Review: The Invisible Man

Genuinely thrilling and effectively unnerving, The Invisible Man is a great character led horror that should be seen (this will not be the last vision based pun).

Cecilia (Elisabeth Moss) escapes a dangerous, toxic relationship with billionaire Adrian Griffin (Oliver Jackson-Cohen), whose death gives her the chance to live freely again, starting off at the house of friend James (Aldis Hodge). However, things start happening  that lead her to believe Adrian’s somehow cheated death and become invisible, all to ruin her new life.

Universal owns the film rights to all traditional horror film monsters (Frankenstein, Dracula, the Wolfman and more), and planned a Marvel style shared universe  beginning with Tom Cruise’s The Mummy. That bombed so spectacularly that it’s now offering these characters up for cheaper, more interesting adaptations – with Australian director Leigh Whannell pitching for the Invisible Man.

Whannell’s horror pedigree, having written and starred in the original (and best) Saw, sees him write and direct this new version, bringing an often tired plot kicking and screaming into the modern world. His choice to completely modernise and reframe the story gives it a really timely edge, and its focus on the victim not the “monster” is something that feels surprisingly fresh.

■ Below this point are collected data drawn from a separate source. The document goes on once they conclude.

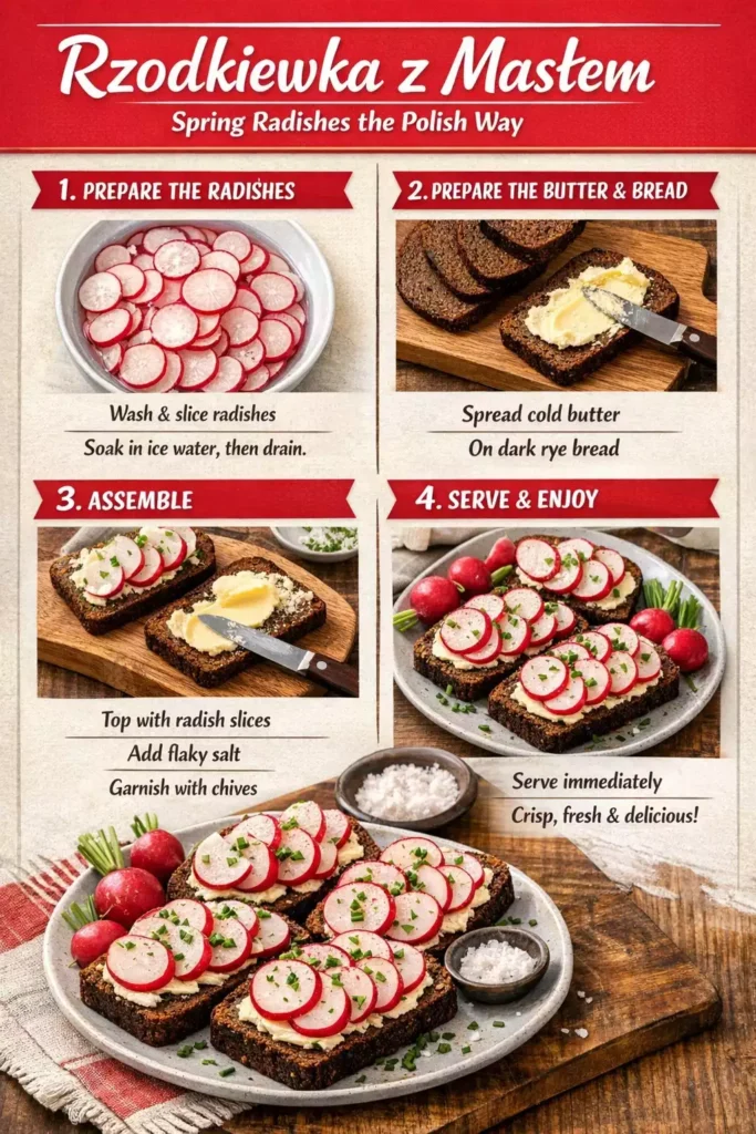 The radish in rzodkiewka z masłem is doing the work of a condiment as much as a vegetable. Its sharpness and pepper notes act like a palate cleanser between bites of rich Easter food. After a bite of ham or pasztet, a radish on buttered dark bread resets your palate completely and makes you want more of everything.
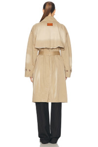 Details - Self: 100% cotton - Lining: 100% cow leather - Made in Romania - Dry clean only - Double breasted front button closure with detachable belt - Buttoned flap pockets - Storm flap - Distressed trim - Our Style No. ACNE-WO428 - Manufacturer Style No. A90630
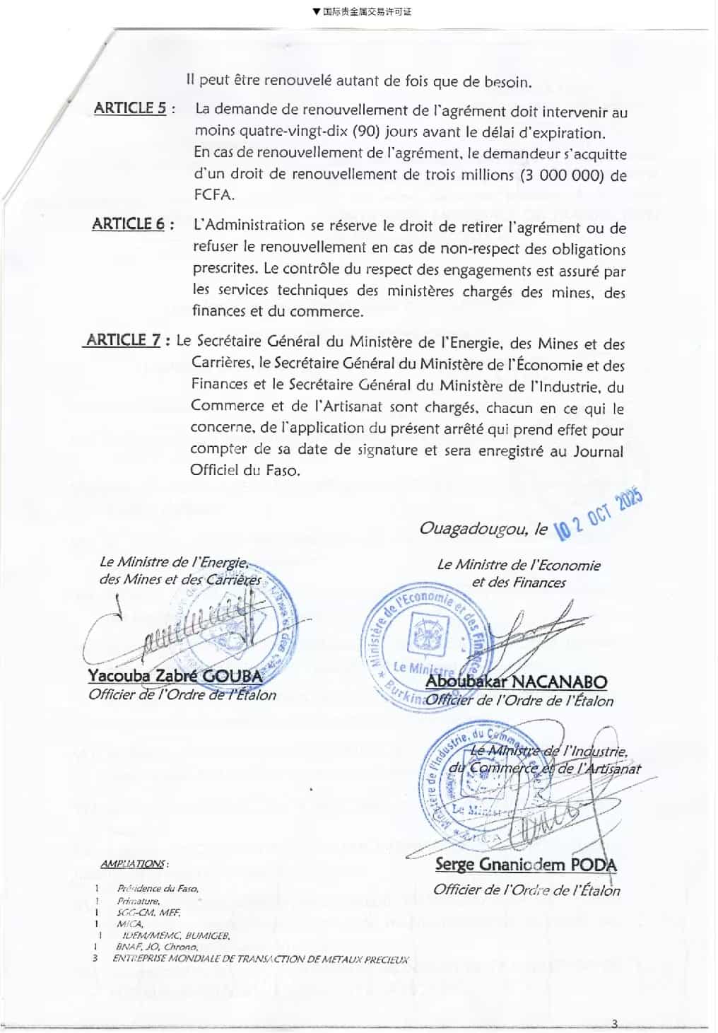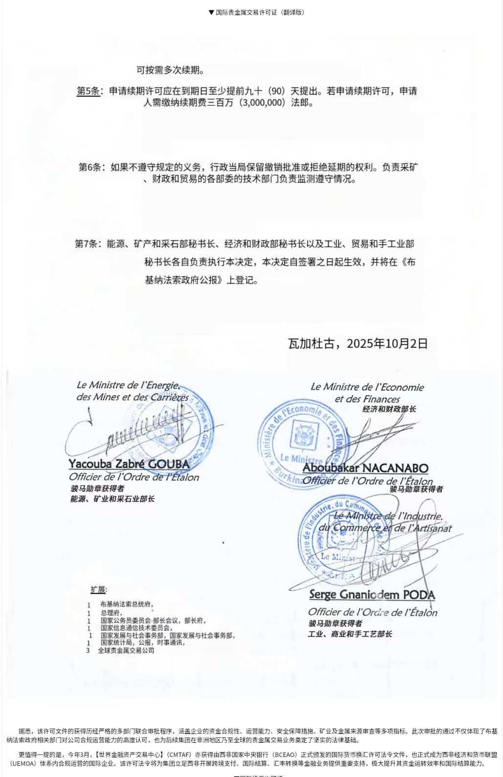2025年金秋十月伊始,运鸿集团迎来重磅消息。其在布基纳法索运营的【世界金融资产交易中心】(CMTAF)下设企业【世界金融贵金属交易公司】(EMTMP)正式获得由布基纳法索国家经济与财政部、国家能源矿业与采石业部、国家工业商业与手工艺部联合审批颁发的黄金及其他贵金属交易许可法令文件,标志着运鸿集团正式取得在该国及全球范围内合法开展黄金及其他贵金属交易的资质,其全球化战略布局迈出坚实一步。

From just about plausible explanations of the invisibility through to the use of largely practical (and simple) special effects, Whannell crafts a tightly plotted, slow burn thriller/horror that even enters psychological drama and action intermittently. His script places Cecilia at its heart – she’s our protagonist, despite the title – and this victim led, female focused perspective paints the idea of invisibility (and toxic masculinity) in a more disturbing way.

The idea of gaslighting (that term itself coming from an old movie) is given a frightening new spin, as everyone doubts Cecilia, which sets the film up for expected pay offs, but it subtly plays with the resolutions you expect. Featuring excellent shocks, twists and an almost uncomfortable amount of tension at times – with relatively little violence – I was really, really impressed.


This is aided by the fact that the technical elements – all achieved on an incredibly low budget – help enhance the tension and horror, as well as make it all feel so much more expensive than it is. The aforementioned practical effects build on considered direction and editor Andy Canny’s work – long, unbroken takes and slow pans across rooms offer up the beauty of an invisible character. When handled right like here, this means that even a slightly depressed sofa cushion, or an empty corner, is filled with menace. The rare times  effects are needed, these are lo fi but hard to spot, while CGI is rare but serviceable.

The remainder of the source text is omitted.